The success catapulted Cheech & Chong from cultish comedy act to true celebrities — Chong, over 40 by then, wouldn’t even try to go unrecognized.
“When you take money for entertaining people, even if you’re portraying a character, it is their T-shirt,” says Chong. “They’ve paid for the right to ask you for an autograph. Plus, I remembered what it was like to feel stiffed by celebrities.
“Plus, I couldn’t grow a beard like that until I was in my 30s, and was so excited that I probably overdid it. My wife was the one who told me to never cut my hair.”
Chong, who turns 70 in May, gradually grew into a less freakish look befitting a marijuana advocate who no longer actually smokes the stuff. He’s been with wife Shelby for over 40 years — last weekend, they brought their touring duo act to a comedy club in Calgary. “I visit the place now like a stranger,” he concedes. “The people I grew up knowing there are in rest homes. But that’s where my dad bought his first house for $500, with no plumbing, no water and no electricity.

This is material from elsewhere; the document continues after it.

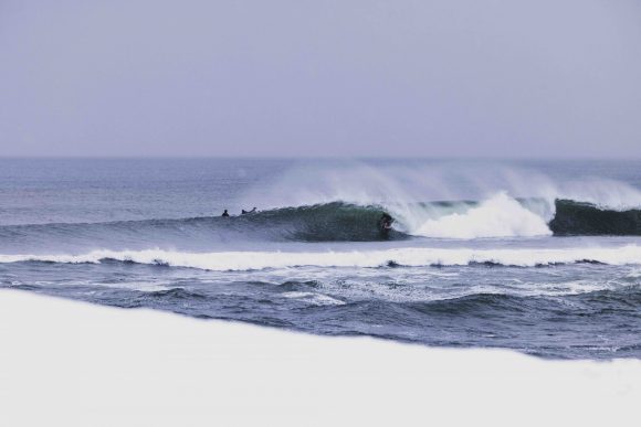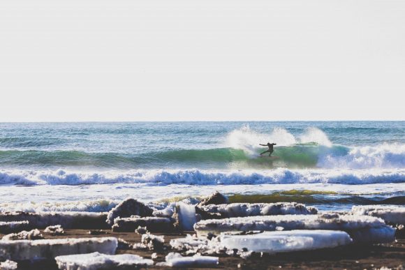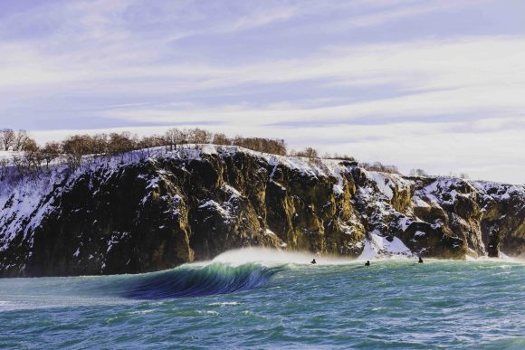 The cold was clearly half the fun for the group, as they chose to go in the long and brutally freezing winter of the region – which is frankly just an insane idea, especially considering they would surf and film in water that is one degree above freezing.

And, when you come from that kind of upbringing, the only way to go was up.”
While he pounded the musical pavement to the west coast, Toronto didn’t end up on Chong’s itinerary until Cheech & Chong were big enough to play Massey Hall in the mid-'70s. The audience cheers were loud enough to merit being repurposed as a sound effect on their biggest radio hit, the “Alice Bowie” parody track “Earache My Eye.”

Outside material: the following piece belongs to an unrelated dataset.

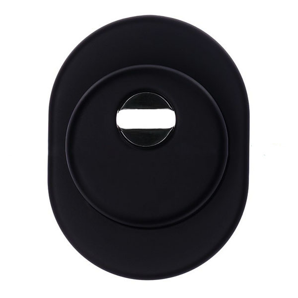 Комплектується зовнішньою декоративною накладкою овальної форми для надання дверному полотну більш охайного вигляду. В чорному кольорі найкраще буде доповнювати двері відповідних темних відтінків.

A permanent move back to Canada was always on Chong’s mind, especially when movie success gave him the wherewithal to be more nomadic, but jobs like a recurring role on That ‘70s Show kept him in California — where he was arrested on Feb. 24, 2003. Now, he thinks leaving would mean the DEA won. His marijuana activism focuses on medicinal use, although he supports any benefit.
“Pot is like a truth serum,” says Chong. “It’s hard to lie, and it’s hard to be conniving, when you’re stoned. The war on drugs is still a war on freedom.
“Meanwhile, the products related to marijuana are a bigger industry than ever. And it’s an industry in which you won’t find anyone who doesn’t love their job.”
While he still relishes the adulation, Chong has calculated it’s better for the overall cause if he steers clear of events like the Toronto Freedom Festival, yielding the spotlight to beleaguered seed seller Marc Emery and others appearing on an EYE WEEKLY-sponsored speaker stage as part of the event.
“The media isn’t going to portray this as anything but a big smoke-out,” says Chong, “and putting the Cheech & Chong persona on display probably isn’t the best way to overcome that. I don’t want the movement taking a step backwards.”